All Republican politicians care about is making the rich richer and attacking trans people. They are obsessed with trans people. I actually think they think more about trans people than trans people think about trans people. They are consumed with this, and they are extreme on it.
They are bringing forward a bill that would put parents and providers at risk of being jailed—literally jailed—for affirming their transgender child and following medical best practices. It is already hard enough to raise a family today. It is already hard enough to be a kid today. And families with transgender young people are navigating complicated and complex situations, making deeply personal health care decisions. And regardless of what decision you might make as a parent, government should never insert itself into the personal health care decisions of patients, parents, and providers. That is a basic principle and a basic right that should be afforded to all Americans, including transgender people and their families.
Look, millions of people across this country are entering into this conversation with understandable questions, with goodwill, good intentions, and in good faith. But Republican politicians are not. They are trying to use transgender people as political pawns in this moment. They are trying to politicize a misunderstood community and misunderstood care. No one’s health care should be politicized.
Every area of care should have strong safeguards, should have strong standards of care. But those should be drafted by health care professionals in medical associations informed by data, research, and science—not politicians in Washington whose medical knowledge includes thinking that vaccines are the equivalent of the Holocaust.
I get it’s hard to understand what it feels like to be trans. I get that it is hard to understand what it feels like to be me.
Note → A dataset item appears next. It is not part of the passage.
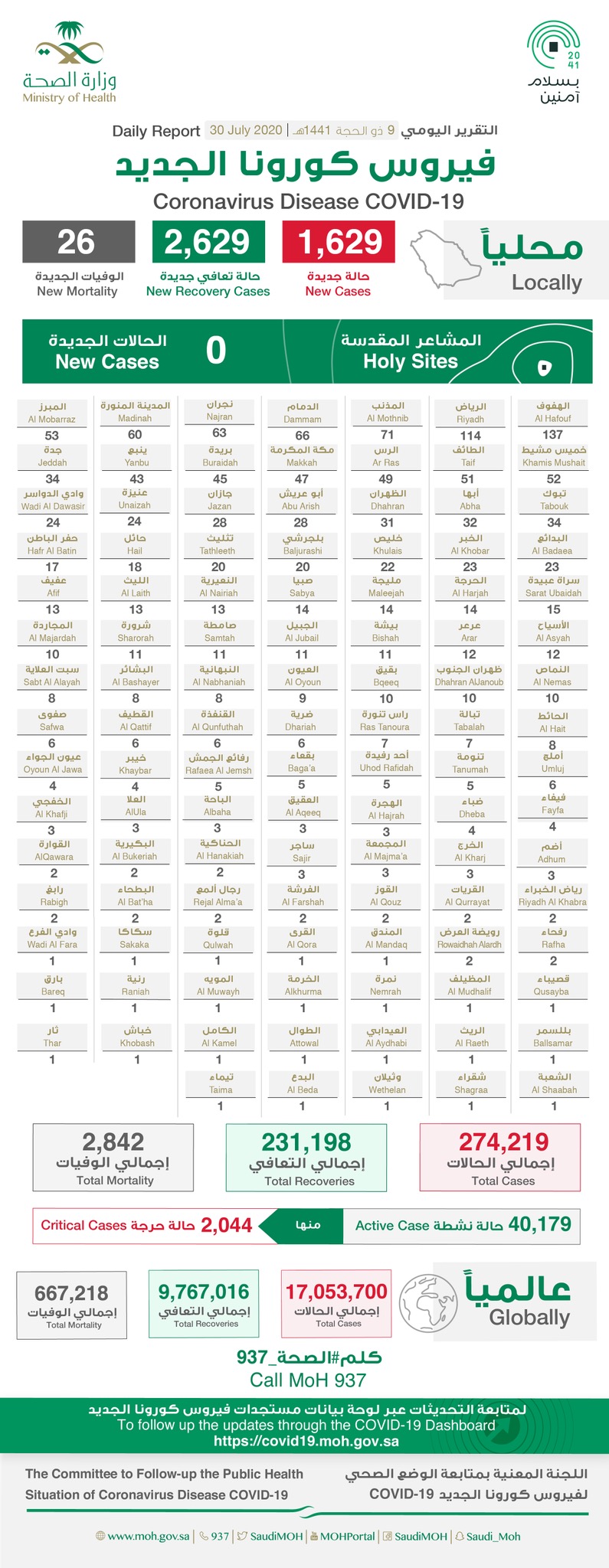 وتم تسجيل 2,629 حالة تعافٍ جديدة منها 55 في القطيف و13 بصفوى، لترتفع الحالات الإجمالية للتعافي إلى 231,198 حالة ”84 % من إجمالي الإصابات المسجلة“.

I get that it’s hard to understand this care and understand the need for it.
But one of the things that gets so lost in this conversation is that the transgender adults of today were kids once. I was a kid once. I didn’t have the courage to come out until I was 21. But it’s a fact I have known about myself for my entire life. I didn’t have the courage to come out until I was 21, and that means 21 years of pain, 21 years of unwavering homesickness that only went away when I was able to get the care that I needed. And my biggest regret in life is that I never had a childhood without that pain.
I marvel at the courage of transgender young people today who are sharing themselves with their families and this world despite the toxicity and the hate that too often emanates from the building behind me and from politicians within it.
All any of us want is to live a life of purpose and happiness and wholeness. None of us know how long we have. None of us know how much time we have on this planet. It is already hard enough to raise a family. It is already hard enough to be a kid. And government should not make it harder.